*Stored data:*
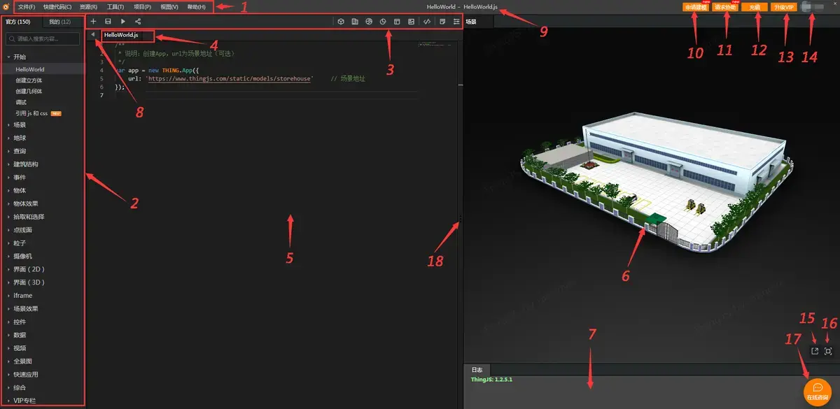 视图:通过切换日志、3D容器和目录(项目列表)的显隐状态以及切换视图风格改变在线开发环境的界面布局。详细介绍请参照 在线开发 - 菜单导航 - 视图管理。
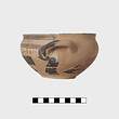 | Description: | About one-third of rim and body preserved with part of one handle; none of the base. Restored in plaster. Two handles, tilted slightly up. Glazed to handle zone, with reserved band. In handle zone, triple band. Rim glazed, with two fine reserved bands. Reserved band inside rim, and another inside, well down. Streaky black glaze. | |
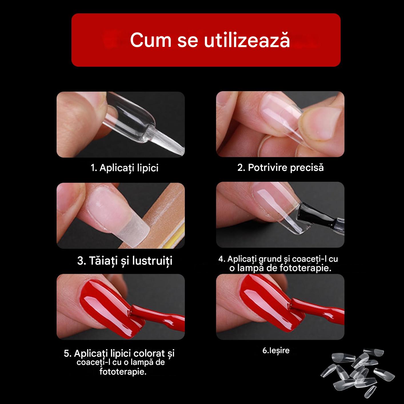 Set de 240 de varfuri complete pentru unghii, cu gel moale, 12 dimensiuni (transparente)
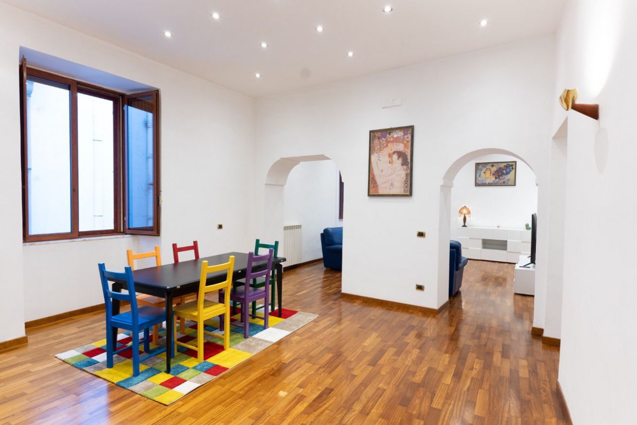 L’appartamento è provvisto di wifi libero super veloce a 200 mb/s ed è composto da ingresso, cucina, sala da pranzo, ampio soggiorno, due bagni, tre camere da letto con balconcini annessi e finestre. Il tutto con una suggestiva e tipica vista sul quartiere centrale della città.

*Problem to solve:* Give back the whole listing exactly, without pictures.

*Result below:*
 视图:通过切换日志、3D容器和目录(项目列表)的显隐状态以及切换视图风格改变在线开发环境的界面布局。详细介绍请参照 在线开发 - 菜单导航 - 视图管理。
 | Description: | About one-third of rim and body preserved with part of one handle; none of the base. Restored in plaster. Two handles, tilted slightly up. Glazed to handle zone, with reserved band. In handle zone, triple band. Rim glazed, with two fine reserved bands. Reserved band inside rim, and another inside, well down. Streaky black glaze. | |
 Set de 240 de varfuri complete pentru unghii, cu gel moale, 12 dimensiuni (transparente)
 L’appartamento è provvisto di wifi libero super veloce a 200 mb/s ed è composto da ingresso, cucina, sala da pranzo, ampio soggiorno, due bagni, tre camere da letto con balconcini annessi e finestre. Il tutto con una suggestiva e tipica vista sul quartiere centrale della città.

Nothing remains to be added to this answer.